I have sifted through the entire library upstairs at school and culled quite a few books from the collection. This made me very philosophical about the state of school libraries in general.
When I was a kid, books were restricted resources while time to read them was almost unlimited. I could either read books, or run around with a mullet on my head and a rusty pocket knife in my pocket. In rain or snow. Alone.
For most kids today, the relationship is inverse. They have plenty of access to colourful books of excellent print quality but not a whole lot of time to read them. The amount of books available is simply so large, it’s impossible for a child to feel much excitement about books as objects. This is no fault of their own, of course. They observe that books are insanely plentiful and they have judged, correctly in my view, that most of them are not very good.
Our school library at EFD had, for example, an enormous amount of books based on Disney movies.
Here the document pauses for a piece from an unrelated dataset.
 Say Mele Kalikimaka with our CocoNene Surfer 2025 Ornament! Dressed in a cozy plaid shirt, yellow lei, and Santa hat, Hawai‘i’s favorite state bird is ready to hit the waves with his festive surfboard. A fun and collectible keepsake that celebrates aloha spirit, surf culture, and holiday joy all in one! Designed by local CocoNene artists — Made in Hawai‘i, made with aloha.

These books might have made sense when they were issued, when the films themselves were extremely hard to come by. (Where I grew up, they were screened in cinemas on a seven year rotation schedule. If you missed La Belle et le Clochard, tough luck. You had to wait seven years to get another chance.) Today these books, hastily thrown together in some Franco-era Spanish sweatshop (Spain had commercial art as an export industry), just don’t make much sense. On top of that, they’re boring, trite and ugly, even when the movies themselves were excellent.
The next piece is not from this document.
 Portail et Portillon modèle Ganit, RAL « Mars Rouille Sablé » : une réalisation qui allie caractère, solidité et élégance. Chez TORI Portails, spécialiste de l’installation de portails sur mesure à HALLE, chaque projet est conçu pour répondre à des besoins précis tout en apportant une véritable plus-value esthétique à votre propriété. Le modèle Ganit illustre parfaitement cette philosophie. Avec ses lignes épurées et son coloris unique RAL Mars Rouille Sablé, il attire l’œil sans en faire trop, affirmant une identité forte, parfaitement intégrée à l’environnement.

I never saw any child at school look at these books with even the slightest flicker of interest.
Too many children’s books, I’m sorry to say, have been made with no love whatsoever. It’s very easy to see which books might spark a passion for reading in a child, and which will make a child think: “This is bullshit, I’m off to see if Lucia has any rugbrød I can eat instead.”
I’m not absolutely positive about this, but it seems as if the school library has become the depository of books parents didn’t want at home. Maybe the family received these books as gifts from clueless, childless uncles, bought in a mindless, frothing panic before visiting. There were very, very few classics in the selection. Some abridged versions of Mark Twain and Jack London, one and a half book by Astrid Lindgren.
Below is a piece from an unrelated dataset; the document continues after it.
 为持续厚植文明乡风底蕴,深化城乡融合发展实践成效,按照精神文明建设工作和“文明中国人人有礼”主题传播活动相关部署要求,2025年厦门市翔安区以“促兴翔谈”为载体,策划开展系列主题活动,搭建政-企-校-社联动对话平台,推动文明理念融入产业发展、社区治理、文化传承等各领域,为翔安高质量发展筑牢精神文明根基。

I kept all the books in the “Martine”-series, they are priceless windows into a previous age. But there was no Dumas! No Jules Verne! And I totally understand. I don’t want to give away my kids’ nicest books either.
There are still quite a lot of books left in the library. Much more than any kid will ever read while attending school. Quite a few collections of fairy tales, a whole bunch of novels, some very nice picture books and reference books. In my view, the only things that has been lost by reducing the number of books are obstacles to finding a volume actually worth reading.
A few of our kids faithfully bring their own books to read at school. Teachers have previously tried to encourage more to do the same, but with little long-term success. I think there are several reasons for this, one of them being that reading is a much more social activity for children than adults often realize. For many kids, bringing a book from home that nobody’s heard about just feels weird.
I have some plans for what to do about reading, to be revealed with the rest of the school program in August. Until then, permit me to post a reminder that research indicates reading aloud to kids gives them crazy advantages on almost every level. School is all very nice and good, but the real magic happens at home.